───── Data provided

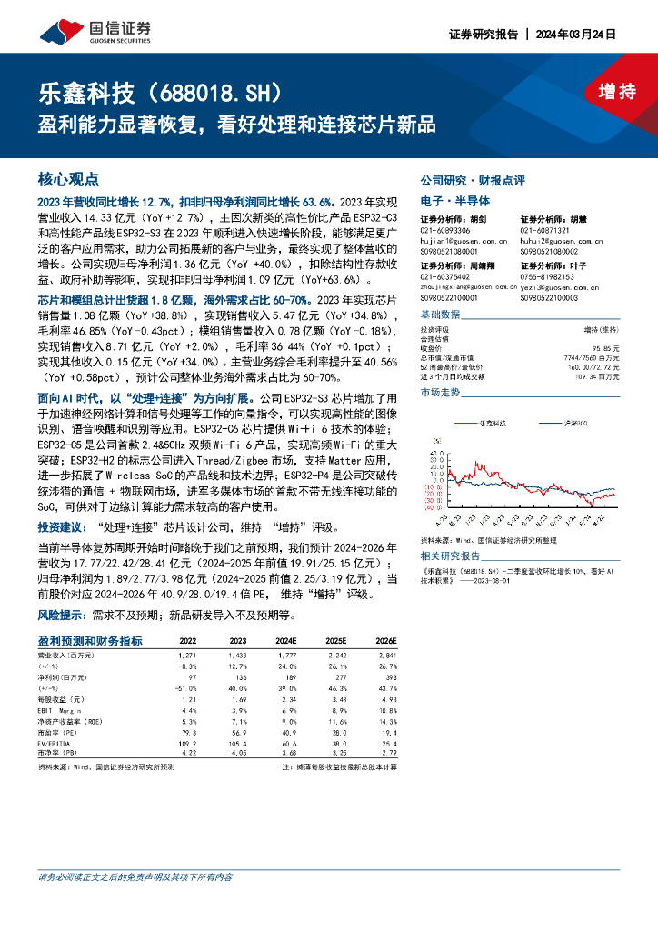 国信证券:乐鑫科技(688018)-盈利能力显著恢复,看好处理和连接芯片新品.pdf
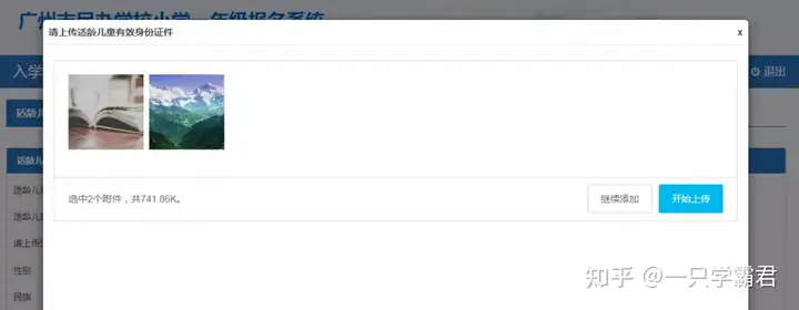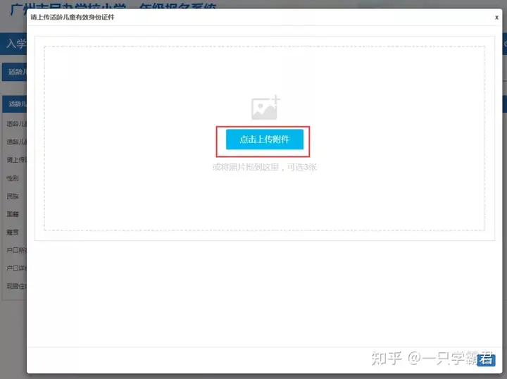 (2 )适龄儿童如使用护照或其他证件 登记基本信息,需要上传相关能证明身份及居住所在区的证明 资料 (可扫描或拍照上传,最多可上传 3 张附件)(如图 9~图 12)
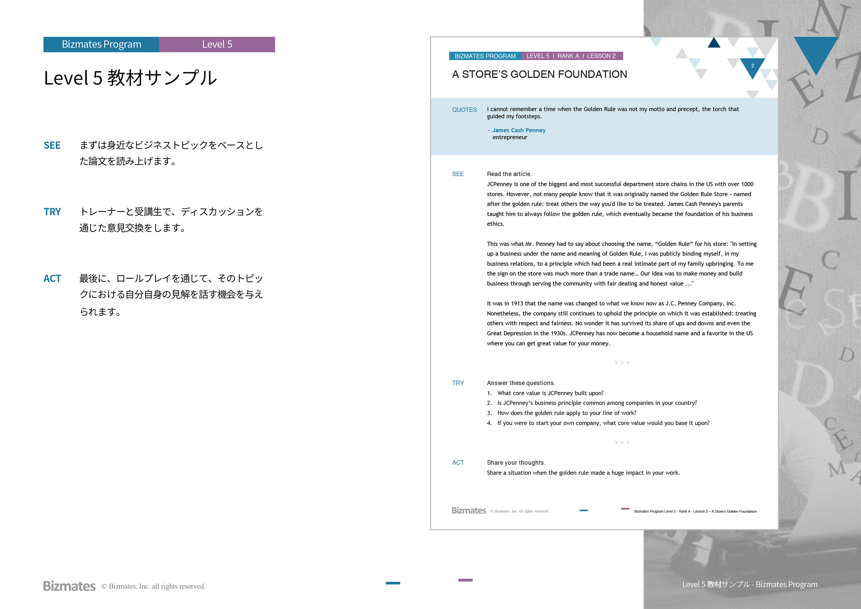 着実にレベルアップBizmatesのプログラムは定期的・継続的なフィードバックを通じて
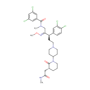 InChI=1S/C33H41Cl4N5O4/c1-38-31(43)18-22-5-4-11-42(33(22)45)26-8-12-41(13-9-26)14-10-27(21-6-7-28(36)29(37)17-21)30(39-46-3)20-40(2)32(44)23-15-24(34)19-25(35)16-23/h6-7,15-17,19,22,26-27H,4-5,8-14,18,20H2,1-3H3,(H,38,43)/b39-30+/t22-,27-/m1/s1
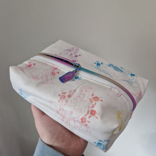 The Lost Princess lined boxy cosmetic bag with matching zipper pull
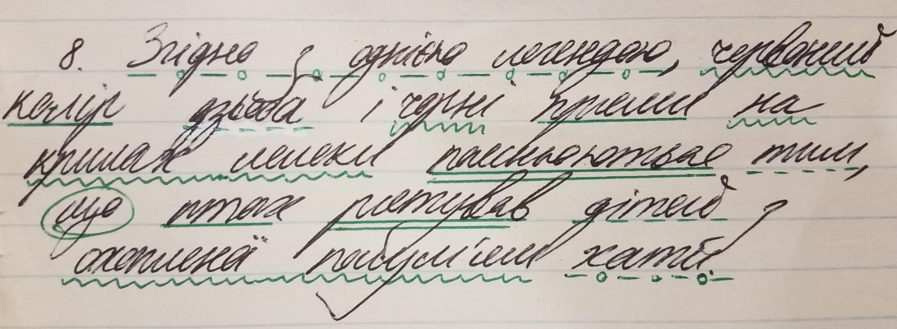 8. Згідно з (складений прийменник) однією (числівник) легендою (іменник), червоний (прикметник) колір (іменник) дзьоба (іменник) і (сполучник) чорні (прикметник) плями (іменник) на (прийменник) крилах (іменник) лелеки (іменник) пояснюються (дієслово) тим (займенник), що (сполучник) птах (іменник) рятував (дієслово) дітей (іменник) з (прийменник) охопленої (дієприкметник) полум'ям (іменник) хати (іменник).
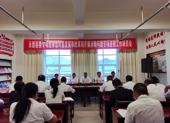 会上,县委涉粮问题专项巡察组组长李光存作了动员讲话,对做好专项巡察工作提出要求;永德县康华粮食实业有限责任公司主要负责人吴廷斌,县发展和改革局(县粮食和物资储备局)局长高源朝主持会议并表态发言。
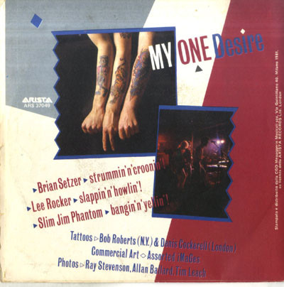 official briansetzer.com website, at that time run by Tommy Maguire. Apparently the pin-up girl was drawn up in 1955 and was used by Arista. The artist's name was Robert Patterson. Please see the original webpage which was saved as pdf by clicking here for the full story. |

──────────

Task description
Please extract exactly the lines of the data, from the first through the line containing "会上,县委涉粮问题专项巡察组", and add no pictures to the copy.

Task result
 国信证券:乐鑫科技(688018)-盈利能力显著恢复,看好处理和连接芯片新品.pdf
 (2 )适龄儿童如使用护照或其他证件 登记基本信息,需要上传相关能证明身份及居住所在区的证明 资料 (可扫描或拍照上传,最多可上传 3 张附件)(如图 9~图 12)
 着実にレベルアップBizmatesのプログラムは定期的・継続的なフィードバックを通じて
 InChI=1S/C33H41Cl4N5O4/c1-38-31(43)18-22-5-4-11-42(33(22)45)26-8-12-41(13-9-26)14-10-27(21-6-7-28(36)29(37)17-21)30(39-46-3)20-40(2)32(44)23-15-24(34)19-25(35)16-23/h6-7,15-17,19,22,26-27H,4-5,8-14,18,20H2,1-3H3,(H,38,43)/b39-30+/t22-,27-/m1/s1
 The Lost Princess lined boxy cosmetic bag with matching zipper pull
 8. Згідно з (складений прийменник) однією (числівник) легендою (іменник), червоний (прикметник) колір (іменник) дзьоба (іменник) і (сполучник) чорні (прикметник) плями (іменник) на (прийменник) крилах (іменник) лелеки (іменник) пояснюються (дієслово) тим (займенник), що (сполучник) птах (іменник) рятував (дієслово) дітей (іменник) з (прийменник) охопленої (дієприкметник) полум'ям (іменник) хати (іменник).
 会上,县委涉粮问题专项巡察组组长李光存作了动员讲话,对做好专项巡察工作提出要求;永德县康华粮食实业有限责任公司主要负责人吴廷斌,县发展和改革局(县粮食和物资储备局)局长高源朝主持会议并表态发言。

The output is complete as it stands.